Top of EXTRACTED INFORMATION

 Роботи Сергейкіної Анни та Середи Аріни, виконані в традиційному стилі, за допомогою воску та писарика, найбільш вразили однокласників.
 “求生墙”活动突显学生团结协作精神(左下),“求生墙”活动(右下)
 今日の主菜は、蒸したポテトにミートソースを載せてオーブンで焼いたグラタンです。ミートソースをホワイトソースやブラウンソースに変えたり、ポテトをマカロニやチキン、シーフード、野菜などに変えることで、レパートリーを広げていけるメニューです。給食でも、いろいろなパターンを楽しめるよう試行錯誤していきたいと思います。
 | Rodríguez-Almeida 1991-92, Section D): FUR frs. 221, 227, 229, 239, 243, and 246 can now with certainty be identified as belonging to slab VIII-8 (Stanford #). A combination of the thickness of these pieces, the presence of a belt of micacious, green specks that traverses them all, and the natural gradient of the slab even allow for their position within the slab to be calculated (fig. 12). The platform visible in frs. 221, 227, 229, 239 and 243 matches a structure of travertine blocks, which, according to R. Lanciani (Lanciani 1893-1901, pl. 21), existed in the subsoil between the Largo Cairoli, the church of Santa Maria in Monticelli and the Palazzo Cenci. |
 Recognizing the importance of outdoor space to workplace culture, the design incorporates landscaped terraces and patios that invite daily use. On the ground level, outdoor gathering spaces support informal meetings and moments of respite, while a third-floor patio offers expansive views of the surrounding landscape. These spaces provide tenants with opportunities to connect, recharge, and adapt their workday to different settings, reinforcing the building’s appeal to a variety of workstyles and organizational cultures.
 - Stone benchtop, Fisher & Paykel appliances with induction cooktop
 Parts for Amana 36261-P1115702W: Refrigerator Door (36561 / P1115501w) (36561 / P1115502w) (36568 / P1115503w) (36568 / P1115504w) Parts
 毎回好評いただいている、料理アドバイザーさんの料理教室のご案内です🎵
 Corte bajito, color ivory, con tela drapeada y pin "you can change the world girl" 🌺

Bottom of EXTRACTED INFORMATION
Top of EXTRACTED INFORMATION

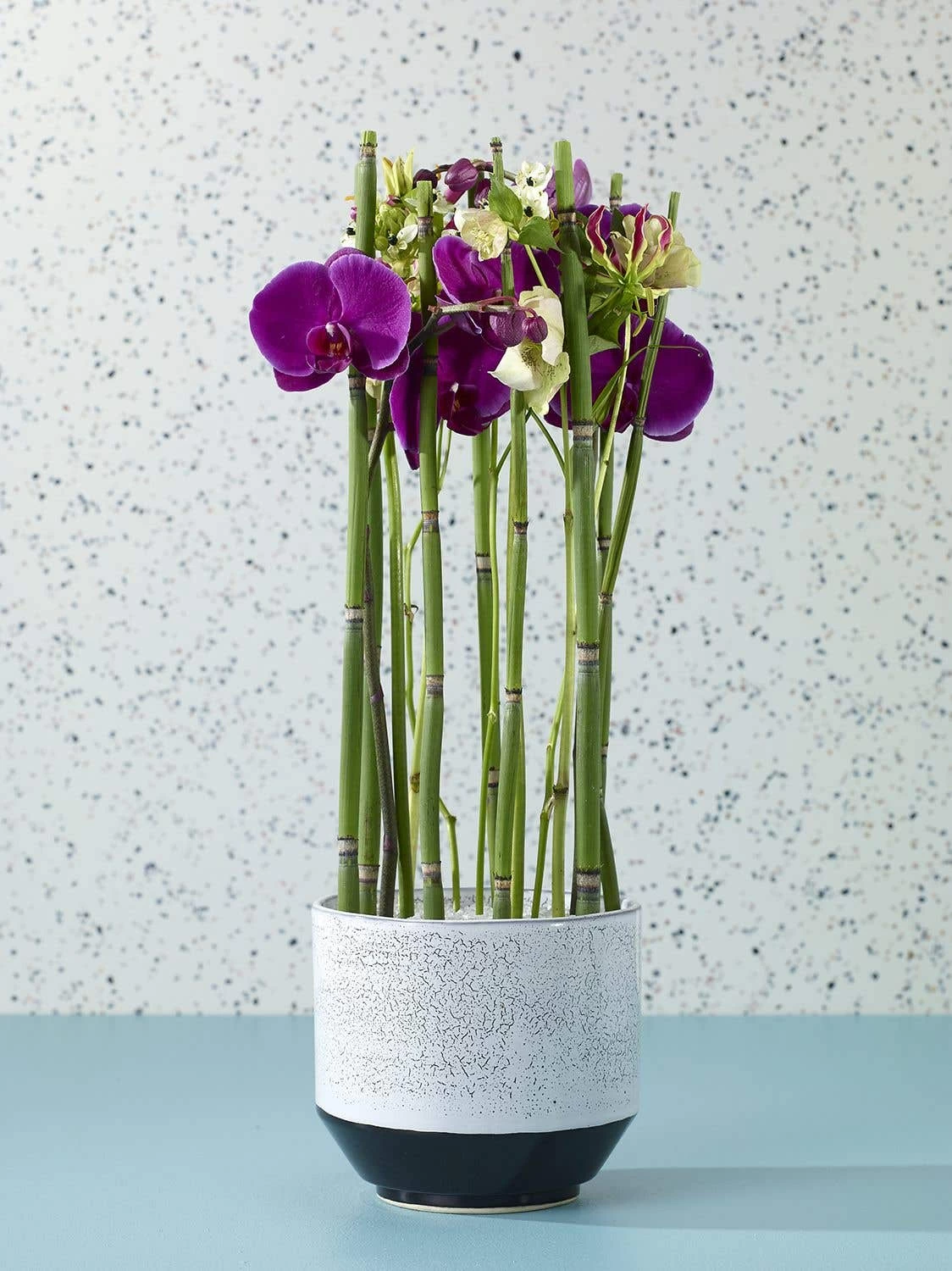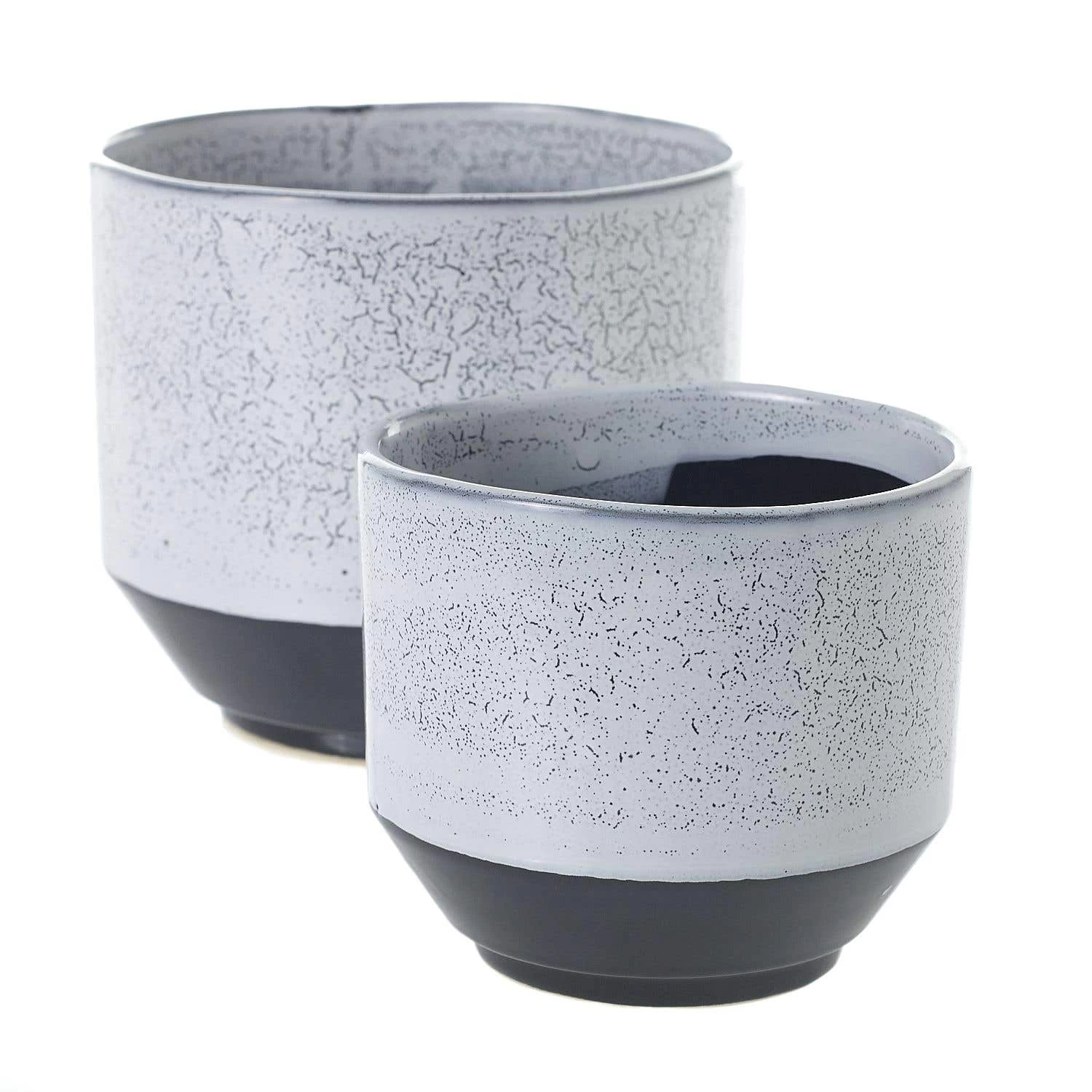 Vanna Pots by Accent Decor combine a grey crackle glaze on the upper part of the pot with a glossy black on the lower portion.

Bottom of EXTRACTED INFORMATION

> _AIM OF THE TASK_
Set down, exactly as they stand above, the lines starting with the line with "Роботи Сергейкіної Анни" and going on through the line with "毎回好評いただいている、料理アドバイザーさんの料理教室のご案内です🎵", and no others.

> _EXERCISE ANSWER_
 Роботи Сергейкіної Анни та Середи Аріни, виконані в традиційному стилі, за допомогою воску та писарика, найбільш вразили однокласників.
 “求生墙”活动突显学生团结协作精神(左下),“求生墙”活动(右下)
 今日の主菜は、蒸したポテトにミートソースを載せてオーブンで焼いたグラタンです。ミートソースをホワイトソースやブラウンソースに変えたり、ポテトをマカロニやチキン、シーフード、野菜などに変えることで、レパートリーを広げていけるメニューです。給食でも、いろいろなパターンを楽しめるよう試行錯誤していきたいと思います。
 | Rodríguez-Almeida 1991-92, Section D): FUR frs. 221, 227, 229, 239, 243, and 246 can now with certainty be identified as belonging to slab VIII-8 (Stanford #). A combination of the thickness of these pieces, the presence of a belt of micacious, green specks that traverses them all, and the natural gradient of the slab even allow for their position within the slab to be calculated (fig. 12). The platform visible in frs. 221, 227, 229, 239 and 243 matches a structure of travertine blocks, which, according to R. Lanciani (Lanciani 1893-1901, pl. 21), existed in the subsoil between the Largo Cairoli, the church of Santa Maria in Monticelli and the Palazzo Cenci. |
 Recognizing the importance of outdoor space to workplace culture, the design incorporates landscaped terraces and patios that invite daily use. On the ground level, outdoor gathering spaces support informal meetings and moments of respite, while a third-floor patio offers expansive views of the surrounding landscape. These spaces provide tenants with opportunities to connect, recharge, and adapt their workday to different settings, reinforcing the building’s appeal to a variety of workstyles and organizational cultures.
 - Stone benchtop, Fisher & Paykel appliances with induction cooktop
 Parts for Amana 36261-P1115702W: Refrigerator Door (36561 / P1115501w) (36561 / P1115502w) (36568 / P1115503w) (36568 / P1115504w) Parts
 毎回好評いただいている、料理アドバイザーさんの料理教室のご案内です🎵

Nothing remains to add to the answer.